With the car running, it was time to button up the PCM and all of the dash parts, so under the dash I went.
The fault is isolated to two wires - the two that come from the distributor. |
The moment I moved the PCM, the car faltered and died! I was grounded to the chassis, so it couldn't be static electricity; what's goin' on here? I plugged in the original PCM and the engine still didn't fire, so I plugged the “new” one in and it started up!
Removing the female PCM terminals for test fitting. |
After quite a bit of trial-and-error, I found that the car would run if I moved the harness to the left, but not if I moved it to the right. I knew that many General Motors PCMs have surface-soldered connections that were questionable, so I tried my best to just move the circuit board and nothing else. The car didn't die. I finally found that moving just two wires would cause that car to stumble and die.

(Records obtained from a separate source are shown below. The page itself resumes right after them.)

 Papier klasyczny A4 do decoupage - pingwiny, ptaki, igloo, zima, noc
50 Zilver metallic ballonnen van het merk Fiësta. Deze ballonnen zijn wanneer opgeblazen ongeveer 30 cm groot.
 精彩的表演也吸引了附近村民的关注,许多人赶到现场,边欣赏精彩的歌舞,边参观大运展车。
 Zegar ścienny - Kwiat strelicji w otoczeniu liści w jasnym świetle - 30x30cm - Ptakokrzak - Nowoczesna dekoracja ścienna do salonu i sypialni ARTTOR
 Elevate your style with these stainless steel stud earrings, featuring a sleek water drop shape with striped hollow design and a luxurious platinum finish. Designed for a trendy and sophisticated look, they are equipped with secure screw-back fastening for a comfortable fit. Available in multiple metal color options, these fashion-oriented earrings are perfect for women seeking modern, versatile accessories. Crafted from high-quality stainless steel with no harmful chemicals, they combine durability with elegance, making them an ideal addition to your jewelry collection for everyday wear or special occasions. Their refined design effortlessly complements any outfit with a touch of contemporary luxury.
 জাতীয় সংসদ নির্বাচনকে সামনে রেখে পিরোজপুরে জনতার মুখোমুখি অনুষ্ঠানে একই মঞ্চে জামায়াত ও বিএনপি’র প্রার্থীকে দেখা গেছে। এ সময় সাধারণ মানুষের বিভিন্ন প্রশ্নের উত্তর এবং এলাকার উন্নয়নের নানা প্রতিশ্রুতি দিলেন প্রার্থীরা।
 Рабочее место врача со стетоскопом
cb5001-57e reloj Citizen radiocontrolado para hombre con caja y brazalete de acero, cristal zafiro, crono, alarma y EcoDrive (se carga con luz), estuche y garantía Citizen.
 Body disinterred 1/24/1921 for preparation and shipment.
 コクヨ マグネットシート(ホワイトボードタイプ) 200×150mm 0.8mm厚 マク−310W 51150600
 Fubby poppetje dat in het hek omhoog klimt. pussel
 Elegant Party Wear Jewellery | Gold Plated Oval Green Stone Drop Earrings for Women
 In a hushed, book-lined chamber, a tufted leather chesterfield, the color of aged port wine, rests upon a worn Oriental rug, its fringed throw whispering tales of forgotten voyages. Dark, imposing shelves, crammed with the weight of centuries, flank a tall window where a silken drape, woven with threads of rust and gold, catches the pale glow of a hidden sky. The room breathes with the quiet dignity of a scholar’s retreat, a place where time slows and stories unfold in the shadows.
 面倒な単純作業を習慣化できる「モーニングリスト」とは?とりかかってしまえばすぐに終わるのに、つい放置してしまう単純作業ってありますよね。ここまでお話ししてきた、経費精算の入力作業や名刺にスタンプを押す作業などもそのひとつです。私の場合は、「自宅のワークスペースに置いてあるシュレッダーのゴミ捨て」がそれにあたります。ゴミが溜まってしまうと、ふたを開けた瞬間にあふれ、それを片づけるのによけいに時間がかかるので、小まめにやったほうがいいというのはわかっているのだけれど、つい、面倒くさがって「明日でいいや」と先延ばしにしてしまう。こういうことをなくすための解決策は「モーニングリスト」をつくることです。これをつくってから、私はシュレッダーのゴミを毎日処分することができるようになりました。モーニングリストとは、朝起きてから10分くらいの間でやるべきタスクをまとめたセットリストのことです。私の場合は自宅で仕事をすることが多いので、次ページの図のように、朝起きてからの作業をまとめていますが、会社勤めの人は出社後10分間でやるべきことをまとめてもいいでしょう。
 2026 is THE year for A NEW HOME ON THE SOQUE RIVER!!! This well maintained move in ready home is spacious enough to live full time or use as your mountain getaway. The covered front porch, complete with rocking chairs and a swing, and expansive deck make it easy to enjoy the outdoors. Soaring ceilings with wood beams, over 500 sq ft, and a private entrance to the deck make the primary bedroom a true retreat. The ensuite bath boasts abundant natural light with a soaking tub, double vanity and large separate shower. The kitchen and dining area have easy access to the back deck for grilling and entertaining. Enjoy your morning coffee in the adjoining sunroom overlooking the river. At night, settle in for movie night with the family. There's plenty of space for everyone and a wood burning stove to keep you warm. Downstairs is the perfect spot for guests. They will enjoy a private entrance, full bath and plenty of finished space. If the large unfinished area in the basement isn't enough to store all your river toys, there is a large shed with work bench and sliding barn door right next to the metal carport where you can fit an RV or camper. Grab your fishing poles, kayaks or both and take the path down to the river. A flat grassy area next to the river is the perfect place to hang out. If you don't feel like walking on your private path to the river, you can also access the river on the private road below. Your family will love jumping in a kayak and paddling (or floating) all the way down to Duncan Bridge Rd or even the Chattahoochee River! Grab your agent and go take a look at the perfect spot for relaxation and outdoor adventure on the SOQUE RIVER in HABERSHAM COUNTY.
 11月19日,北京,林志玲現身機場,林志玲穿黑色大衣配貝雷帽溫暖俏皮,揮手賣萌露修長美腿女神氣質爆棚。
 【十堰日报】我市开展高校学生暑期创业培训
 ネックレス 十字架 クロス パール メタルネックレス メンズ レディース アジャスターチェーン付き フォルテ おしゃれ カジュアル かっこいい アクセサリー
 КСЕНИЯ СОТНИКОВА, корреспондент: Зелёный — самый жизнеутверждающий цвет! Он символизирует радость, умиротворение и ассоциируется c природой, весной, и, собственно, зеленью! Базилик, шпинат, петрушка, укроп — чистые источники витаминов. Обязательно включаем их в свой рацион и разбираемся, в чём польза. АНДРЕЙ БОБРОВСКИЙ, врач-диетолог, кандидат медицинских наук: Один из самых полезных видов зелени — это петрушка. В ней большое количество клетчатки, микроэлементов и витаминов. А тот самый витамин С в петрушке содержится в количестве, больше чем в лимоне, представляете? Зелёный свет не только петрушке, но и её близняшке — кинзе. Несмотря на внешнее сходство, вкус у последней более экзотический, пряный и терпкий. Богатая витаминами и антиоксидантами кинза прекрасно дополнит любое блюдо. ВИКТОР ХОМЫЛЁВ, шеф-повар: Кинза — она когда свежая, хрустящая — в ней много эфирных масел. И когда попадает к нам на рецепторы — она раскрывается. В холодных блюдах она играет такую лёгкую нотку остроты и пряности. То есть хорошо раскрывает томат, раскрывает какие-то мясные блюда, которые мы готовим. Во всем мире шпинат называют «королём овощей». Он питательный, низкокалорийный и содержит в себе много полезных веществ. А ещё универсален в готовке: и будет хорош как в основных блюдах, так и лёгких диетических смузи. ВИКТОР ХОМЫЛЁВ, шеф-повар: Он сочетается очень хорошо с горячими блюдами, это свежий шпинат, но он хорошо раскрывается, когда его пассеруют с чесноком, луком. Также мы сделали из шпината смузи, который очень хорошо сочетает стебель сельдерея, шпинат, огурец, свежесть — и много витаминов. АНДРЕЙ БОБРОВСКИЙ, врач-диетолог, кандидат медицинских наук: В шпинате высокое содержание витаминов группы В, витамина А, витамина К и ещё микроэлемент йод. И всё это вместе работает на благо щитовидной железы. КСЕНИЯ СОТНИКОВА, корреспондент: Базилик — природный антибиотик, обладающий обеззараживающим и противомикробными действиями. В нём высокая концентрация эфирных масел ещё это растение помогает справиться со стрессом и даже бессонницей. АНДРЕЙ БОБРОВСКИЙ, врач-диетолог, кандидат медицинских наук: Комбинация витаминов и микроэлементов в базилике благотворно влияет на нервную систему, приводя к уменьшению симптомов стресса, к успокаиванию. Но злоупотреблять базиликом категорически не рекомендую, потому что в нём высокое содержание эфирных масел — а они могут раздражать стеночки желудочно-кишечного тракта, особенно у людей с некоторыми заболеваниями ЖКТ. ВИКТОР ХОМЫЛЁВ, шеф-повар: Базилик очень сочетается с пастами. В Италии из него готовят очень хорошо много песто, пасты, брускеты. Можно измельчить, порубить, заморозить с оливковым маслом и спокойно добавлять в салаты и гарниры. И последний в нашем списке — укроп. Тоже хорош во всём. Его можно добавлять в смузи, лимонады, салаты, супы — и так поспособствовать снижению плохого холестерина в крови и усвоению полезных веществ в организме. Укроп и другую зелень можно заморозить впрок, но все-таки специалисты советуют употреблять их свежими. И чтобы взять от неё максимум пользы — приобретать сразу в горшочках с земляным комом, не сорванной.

Which two wires were they? Terminals B1 and B9 - the same two that come from the distributor pickup coil. It was all making sense to me now ...
The test fit! |
I removed the two terminals from the PCM connector so I could test fit them on the PCM terminals. Both of them had no drag whatsoever. I searched through my assortment of GM connectors, but I didn't have any that matched (because this was a Japanese PCM). I ended up carefully reshaping the two terminals so they would fit snugly, and all was well.
What is the lesson in all of this? As I always tell my students, it's always something, and most of the time it's something simple. I often preach that if you think the PCM is the problem, you're probably not testing the system thoroughly enough (with the exception of many '90s model PCMs). Turns out that sometimes the PCM is the problem.
Systematically walking through this diagnosis with Brian and other students showcased the fact that if techs understand the system they're working on, have a good diagnostic process, and can use their test equipment to their fullest potential, then virtually any customer concern can be diagnosed and repaired. We all just have to keep fine-tuning those skills - and that applies to me, too.